» Problem details
Please restate each line of the data that follows word for word, skipping any image.

» Information provided
===============
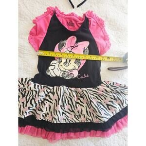 Disney Zebra Print & Pink Ruffles Minnie Mouse Dress & Ears Set Size 6 Girls
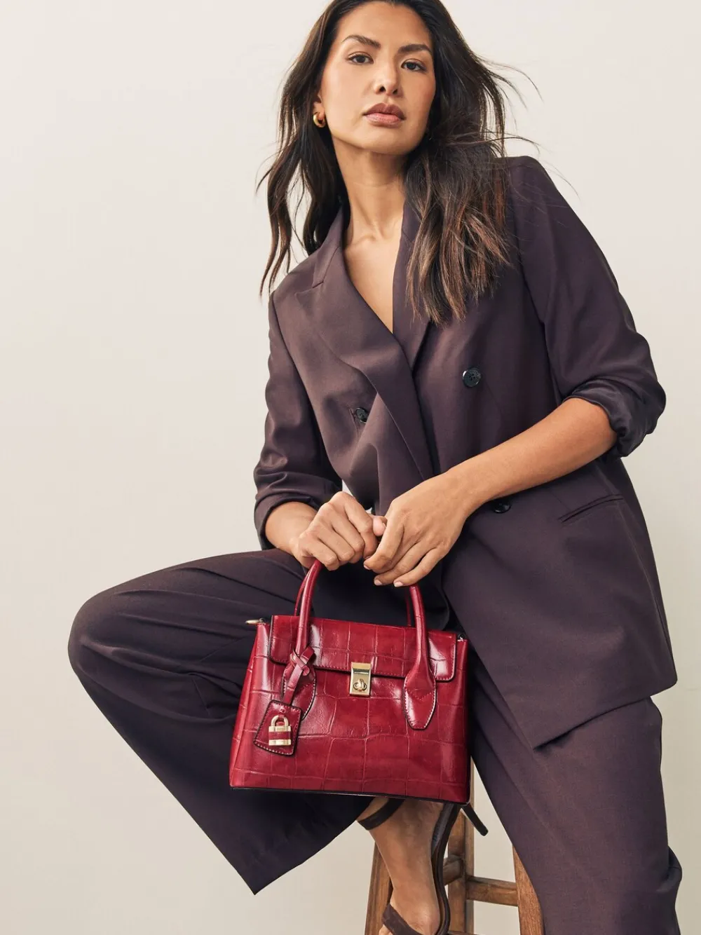 This vibrant red croc-effect bag has a high shine finish and is perfect for desk to dinner elegance. Features an optional strap for versatile, hands free wear. Hand-held bag Croc-effect finish Optional cross-body strap Front flap with clasp detail Zip fastening 3 compartments Hoogte 20 cm Breedte 25,5 cm Diepte 10 cm Bovenkant 100% polyurethaan. Voering 100% gerecycled polyester.
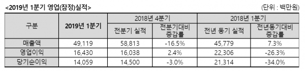매출액은 전년동기대비 7.3% 증가, 영업이익은 전 분기 대비 2.4% 증가한 수치로, 영업이익률 역시 전분기 보다 6.2% 증가한 33.4%를 기록했다.
===============
» Task answer
 Disney Zebra Print & Pink Ruffles Minnie Mouse Dress & Ears Set Size 6 Girls
 This vibrant red croc-effect bag has a high shine finish and is perfect for desk to dinner elegance. Features an optional strap for versatile, hands free wear. Hand-held bag Croc-effect finish Optional cross-body strap Front flap with clasp detail Zip fastening 3 compartments Hoogte 20 cm Breedte 25,5 cm Diepte 10 cm Bovenkant 100% polyurethaan. Voering 100% gerecycled polyester.
매출액은 전년동기대비 7.3% 증가, 영업이익은 전 분기 대비 2.4% 증가한 수치로, 영업이익률 역시 전분기 보다 6.2% 증가한 33.4%를 기록했다.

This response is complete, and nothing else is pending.